Friday, June 6, 2014

FEELING GROOVY

Today was an A+ day.

                                                 


  • I dropped a few pounds - cutting major carbs does work.  

  •  Got my lawn service bill and it was amazingly low for all they do. 

  • Glenn cooked a delicious dinner - hoisin eggplant with a side of mapu tofu.

  • We watched a Blu-Ray "Wolverine" - wonderful!

  • We did not receive one telemarketing call today - hooray!

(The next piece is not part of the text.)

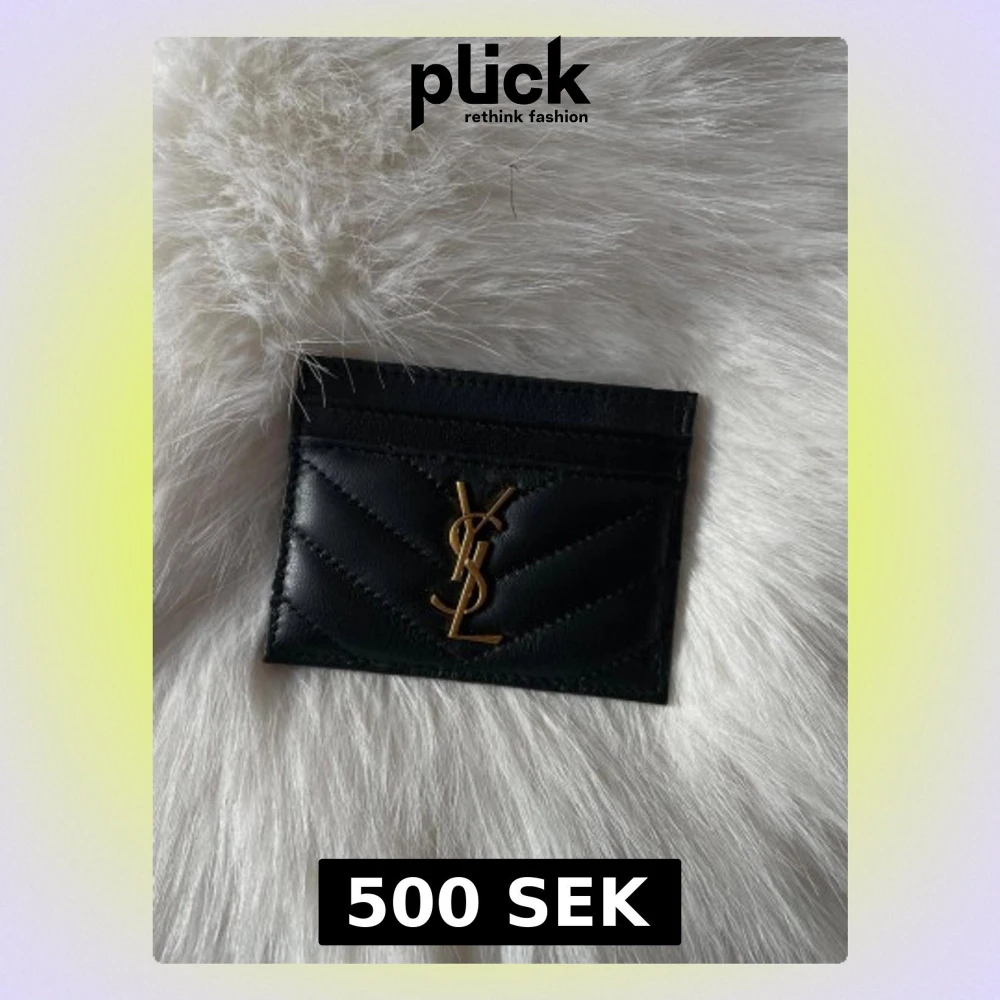 Säljer en svart quiltad plånbok med ikonisk guldlogga på framsidan. Plånboken är tillverkad i skinn och har flera fack för kort. Snygg och stilren design som passar perfekt i fickan eller väskan.

  • I had a great work out at the gym. This one guy that has decided we are buddies and always ALWAYS comes over to me when I am deep in my treadmill trance - headphones snugly on - beautiful music flowing into my head - anyway, he always ALWAYS spots me and begins talking ignoring the fact that I have my headphones on and can't hear a damn thing he is saying. So, of course, I am forced to remove my headphones to listen to his empty blather resulting in my lovely trance being broken while I pretend I care what he is talking about. TODAY HE JUST WAVED HI and I waved back and all was right with my world as Morgana King whispered "Corcovado" in my ear.....ah.........

  • After a very busy year and a half, I have time for reading. I began a compelling book gifted to me by my "reader" niece, Anne Marie. It's called "Perfume" - I am hooked.

  •  I saw a huge array of birds at the feeders especially my favorites - cardinals and orioles.
  •  
  • Just discovered that Sirius radio has a station devoted purely to Neil Diamond who I have come to appreciate in his old age - and mine.

  • Nothing bothered me today - no nagging paranoia or needy yearnings.

  • Today was smooth sailing.

  • Odds are tomorrow will be shit..........................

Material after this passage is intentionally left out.